Diagnostics company CND Life Sciences is studying its Syn-One Test in hopes of predicting the conversion of clinically suspected REM sleep behavior disorder (RBD) to a more advanced synucleinopathy like Parkinson’s disease and dementia with Lewy bodies.
Founded in 2017, CND operates a CLIA-certified laboratory in Phoenix, Ariz. The company launched the Syn-One Test in 2019 as the world’s first commercially available test to detect, visualize, and quantify phosphorylated alpha-synuclein located in cutaneous nerve fibers.
CND has recently been awarded a $3 million Phase II Small Business Innovation Research grant from the National Institute of Neurological Disorders and Stroke of the National Institutes of Health (NIH). This is the third such award for the company to study and advance the clinical application of the Syn-One Test.
“The results from this study could greatly expand the possibilities for Syn-One as a cutaneous neurodiagnostic test, as we explore the utility of identifying phosphorylated alpha-synuclein deposition in the prodromal stage of neurodegenerative diseases,” says Todd Levine, MD, CND’s chief medical officer and principal investigator for the study, in a release. “Synucleinopathies represent a devastating group of diseases that evolve over many years and even decades.
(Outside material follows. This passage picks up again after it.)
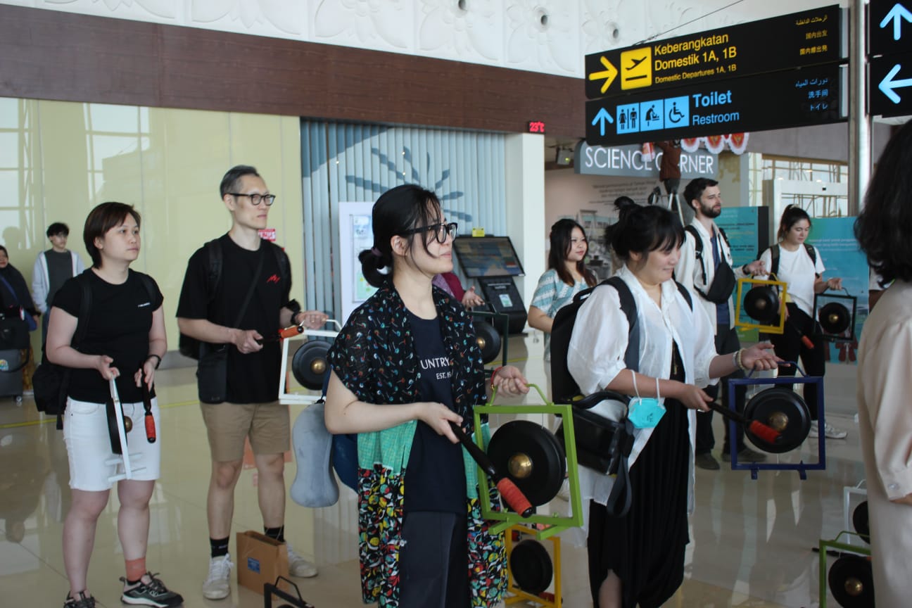 Salah satu momen paling menyentuh datang dari rombongan wisatawan asal Korea Selatan yang baru saja mendarat. Bukannya langsung menuju hotel atau antre bagasi, mereka berhenti, tersenyum, dan tanpa ragu ikut duduk bersama, memegang bendhe, dan memukulnya sesuai arahan. Tidak sedikit dari mereka yang tertawa kecil ketika nadanya meleset, lalu mencoba lagi. Bahkan, beberapa di antara mereka dengan bangga merekam momen tersebut dan mengunggahnya di media sosial.

Being able to detect phosphorylated alpha-synuclein in patients with RBD could allow us to treat and even prevent debilitating diseases like [Parkinson’s disease] and [dementia with Lewy bodies] before they fully develop. The success of future treatments for these disorders will be tied to how precisely and early we can understand the patient’s pathology.”
REM sleep behavior disorder is one of the earliest pre-motor manifestations of neurodegenerative disease and is often present 10 to 15 years prior to diagnosis of Parkinson’s disease, dementia with Lewy bodies, or multiple system atrophy. A majority of these individuals are at risk of converting to another synucleinopathy in their lifetimes.
CND’s Syn-One Test uses three small skin biopsies collected from a patient in a physician’s office to detect and visualize the presence of misfolded, phosphorylated alpha-synuclein, the abnormal form of a naturally-occurring protein that is the pathological hallmark of the synucleinopathies including REM sleep behavior disorder.
Titled the Syn-Sleep Study, CND’s 80-patient, multicenter clinical investigation will collaborate with the North American Prodromal Synucleinopathy Consortium, which is conducting a larger, longitudinal research initiative with patients diagnosed with REM sleep behavior disorder. CND’s NIH-supported study aims to use the Syn-One Test and artificial intelligence software to confirm the presence of phosphorylated alpha-synuclein in patients with clinically suspected RBD and predict the disease’s conversion to a more advanced synucleinopathy like Parkinson’s and dementia with Lewy bodies.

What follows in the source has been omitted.